Dear Ex-Girlfriend of Mine,
You were the still center of the spinning world.
I was eighteen, and confused. This was the first time I was acting on feelings that I had always had since before I even understood what they meant. This was something that at one time I had considered morally impossible.
I loved you, completely, and felt compelled to hide it from every person I knew.
I was scared, and ashamed for feeling like I was perhaps even a little gay.
I liked boys, but girls were pretty, that person who looked like a girl was pretty, and that girl with the short hair who dressed like a boy had something pretty foxy going on--I was so scared of everything.
It would take me years, long after you left, for me to realize that my sexual identity is fluid, and importantly--that it's okay.
It's okay, it's okay, it's okay.
Just keep repeating that, Ashlee.
It's okay, it's okay, it's okay.
I've apologized to you in my head and in my heart for years and years.
Sometimes I look you up, and i see that we both have partners, and we're both happy. Your happiness makes my spirit fly. You deserve every happiness, and on this special day, I've finally found the nerve to put into words everything I've been feeling these long years.
I am sorry that when you asked me why I would never introduce you as my girlfriend to my family and friends that I was a coward, and told you they would never accept us.
It was 2008. I was living at home, surrounded by everything and everyone against the idea of us, and I hadn't learned yet to be brave, to be me.
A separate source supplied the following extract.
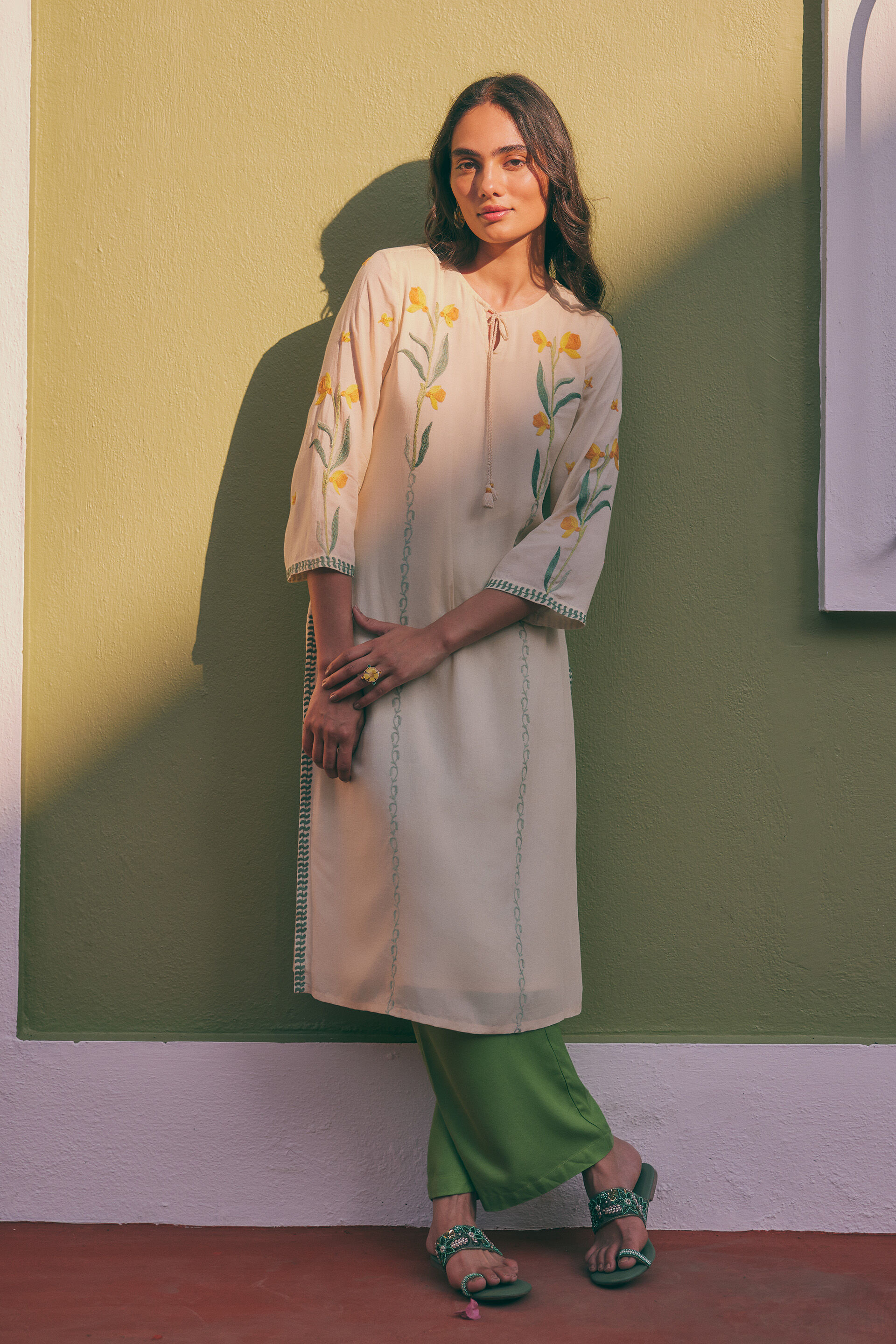 Perfect for summer, this floral kurta set features aari embroidery and India-inspired prints. Crafted in a mul & modal blend, this set feels soft & breathable on your skin. It comes with three-quarter bell sleeves and a round neckline with a drop. The solid wide-leg bottoms ensure that you can style up your looks with chic and dainty jewellery.

When you ended it, I respected you.
I respected that you knew you were worth more than what I could offer you at the time.
In the years we haven't spoken, my family became more tolerant, my circle of friends changed, and now I couldn't imagine life without the beautiful, accepting people I have in it.
I'm sorry.
I'm sorry that I wasn't strong enough then to create a world for us where we could be safe. I didn't want to be rejected. I was so angry, and tired, and disoriented. Things turned out wonderfully for us both, but I am still so very, very sorry that I hurt you so badly.
This is your day, this is our day.
Today we see the image of what we could have been reflected in the smiles of thousands and thousands of people lining up for marriage licenses as I write this right now. I am so happy my heart could burst.
I still love you, dear friend, dear girl, wonderful girl.
Congratulations, to our wonderful, wonderful memories, and their validity.